Obviously only the first are worth listening to, though the second are the loudest and the third are the most numerous.
And the issue with listening to the first group is that we have to do it in the right order. The principle of not having the government regulate is that the free market will take care of it, but there is currently no free market for telecommunications, in part because the government has given the incumbents access to eminent domain and a trillion dollars in government subsidies over the past century. So the order of things would have to be to first somehow have strong last-mile competition (e.g. more than 20 providers on average) and only then remove network neutrality.
The people who actually believe this also believe that last mile is not a natural monopoly. The proper way to answer it is to give them e.g. Nevada and let them prove it. Then once Nevada somehow has 20 independent last mile providers, we can do the same thing everywhere else and won't need network neutrality anymore. And if they're wrong and they fail, then we'll know for sure and the only people opposed will be the people no one should ever listen to.
In theory they could also fail because they're wrong about something else, but whose problem is that? Either they can figure out how to have competition without regulation, or they can't and we need network neutrality.
Not trying to get involved in the debate around net neutrality, but you'd have to have criteria around what is success and what is failure. Depending on how you measure it, there are very few government programs that couldn't be simultaneously cast as either a success or failure depending on which criteria were chosen after the fact.
Clearly, those in favor will point out its positives and discard its negatives, and vice versa.

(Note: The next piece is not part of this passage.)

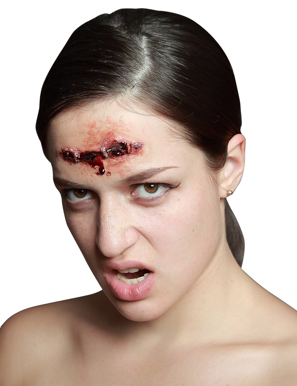 Тази фалшива рана представлява контузия на закрепене. Поставен на челото, латексът симулира дълбок и кървав прорез, зашеметен, колкото е възможно най -добре със скоби (лепилото не е включено). Придружител или приятел на създанието на Франкенщайн, този грим ще бъде идеален за Хелоуин.

The point, I think I'm making, is that for those opposed to net neutrality, maybe some would be less opposed if success and failure were clearly defined, and whatever regulations enacted were the least and most tailored amount of regulations meant to specifically prevent the previously defined failure states. Giving broad and ambiguous authority over something like "the internet" is fraught with both wonder and peril, and until and unless "good" and "bad" are quantified, it seems unfair to castigate "the other side" as shills, or ignorant (not that I'm suggesting that you've done that, but it's definitely been done).
I can actually give you a pretty good definition if you want one.
Competition sufficient so that no last mile ISP has enough market power to charge transit or content providers for access to their customers. That's the exact minimum amount of competition necessary so that you don't need network neutrality regulations -- enough so that the market does the job for you.
We asked you to stop posting like this, so we've banned the account. We're happy to unban accounts if you email us at hn@ycombinator.com and we believe you'll post civilly and substantively in the future.
As it turns out, it doesn't matter if you're against net neutrality, it's still probably in your interest. Exceptions might include if you're a telecom rentier or an authoritarian interested in policing content.